Department of Engineering

IT Services

Cache

To get statistics on your program's cache usage in linux, try this (for a program called a.out in the current directory)

 
   valgrind --tool=cachegrind ./a.out

You'll get output something like the following -

==10427== I   refs:      16,236,605
==10427== I1  misses:         2,182
==10427== LLi misses:         1,767
==10427== I1  miss rate:       0.01%
==10427== LLi miss rate:       0.01%
==10427== 
==10427== D   refs:       6,817,725  (4,443,209 rd   + 2,374,516 wr)
==10427== D1  misses:        13,180  (   10,651 rd   +     2,529 wr)
==10427== LLd misses:         7,527  (    5,427 rd   +     2,100 wr)
==10427== D1  miss rate:        0.1% (      0.2%     +       0.1%  )
==10427== LLd miss rate:        0.1% (      0.1%     +       0.0%  )
==10427== 
==10427== LL refs:           15,362  (   12,833 rd   +     2,529 wr)
==10427== LL misses:          9,294  (    7,194 rd   +     2,100 wr)
==10427== LL miss rate:         0.0% (      0.0%     +       0.0%  )

where

  • I1 refers to the first-level instruction cache
  • D1 refers to the first-level data cache
  • LL refers to the last-level common cache
  • rd refers to reads
  • wr refers to writes

The initial number on each line is the suffix of a data file that valgrind creates.
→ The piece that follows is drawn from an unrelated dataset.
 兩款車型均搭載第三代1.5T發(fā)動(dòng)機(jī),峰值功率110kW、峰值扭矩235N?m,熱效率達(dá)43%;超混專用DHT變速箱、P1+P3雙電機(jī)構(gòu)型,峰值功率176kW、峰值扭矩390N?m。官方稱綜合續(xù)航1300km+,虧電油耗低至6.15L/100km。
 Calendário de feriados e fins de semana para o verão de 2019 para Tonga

You can run cg_annotate on this file - in this case by doing

  cg_annotate cachegrind.out.10427

to get further information. The first thing to be printed out will be a guess about the machine's cache configuration. On a standard CUED DPO machine I get

I1 cache:         32768 B, 64 B, 8-way associative
D1 cache:         32768 B, 64 B, 8-way associative
LL cache:         3145728 B, 64 B, 12-way associative

whereas on a CUED ts-access machine I get

I1 cache:         32768 B, 64 B, 4-way associative
D1 cache:         32768 B, 64 B, 8-way associative
LL cache:         12582912 B, 64 B, 24-way associative

The cachegrind manual offers tips in how to take advantage of these stats.